START MATERIAL PROVIDED
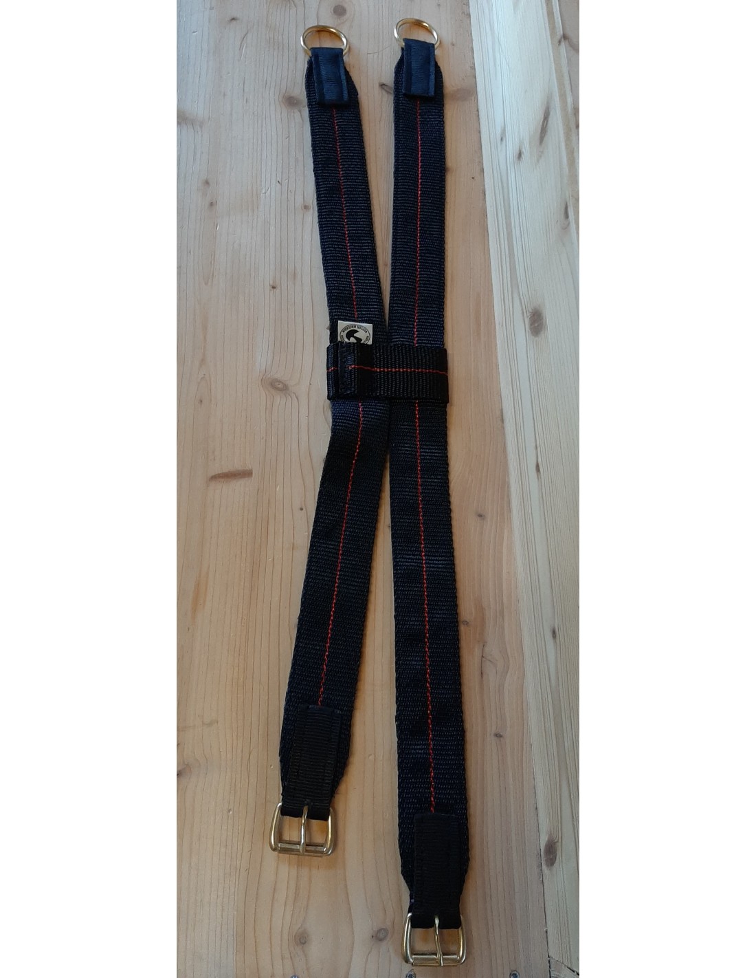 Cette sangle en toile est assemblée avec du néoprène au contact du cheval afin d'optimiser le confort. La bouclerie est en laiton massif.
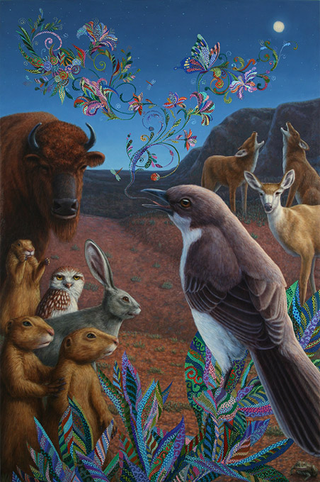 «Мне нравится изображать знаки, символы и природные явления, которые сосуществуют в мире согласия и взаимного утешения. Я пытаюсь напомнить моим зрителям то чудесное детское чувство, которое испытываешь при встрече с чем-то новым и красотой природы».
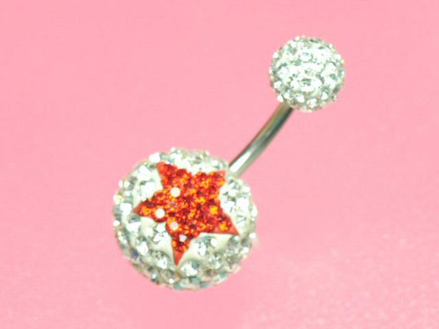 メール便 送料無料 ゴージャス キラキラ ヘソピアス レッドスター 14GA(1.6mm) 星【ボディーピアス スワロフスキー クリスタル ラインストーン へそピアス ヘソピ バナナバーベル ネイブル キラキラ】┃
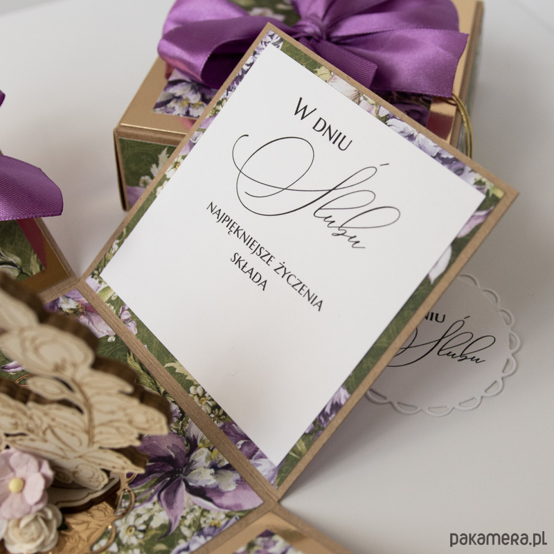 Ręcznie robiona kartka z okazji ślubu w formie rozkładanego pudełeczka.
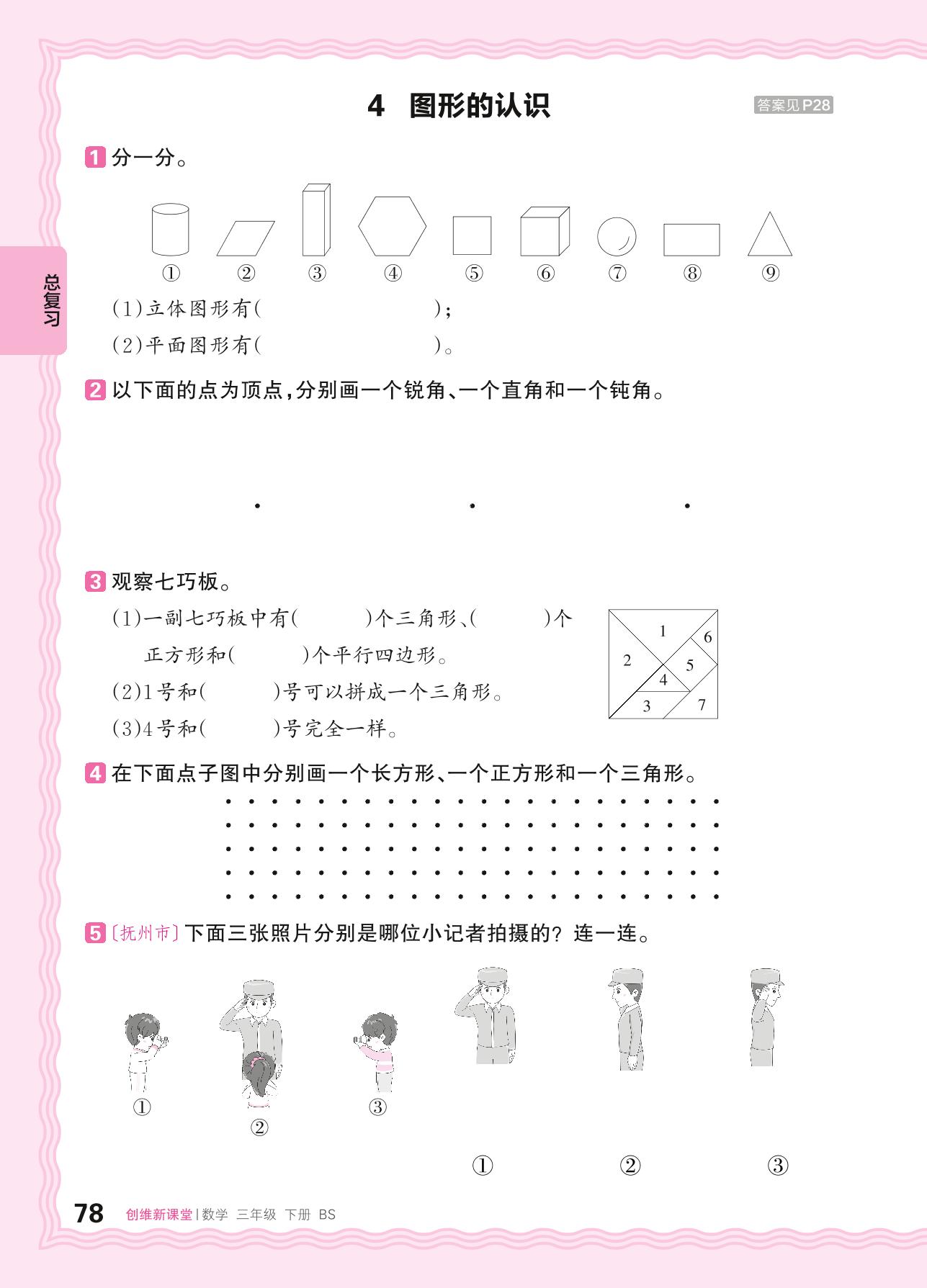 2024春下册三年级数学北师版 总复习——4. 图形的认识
END MATERIAL PROVIDED
Leave out the pictures, and retype exactly the lines from the one containing "Ręcznie robiona kartka" through the final line of the data.

 Ręcznie robiona kartka z okazji ślubu w formie rozkładanego pudełeczka.
 2024春下册三年级数学北师版 总复习——4. 图形的认识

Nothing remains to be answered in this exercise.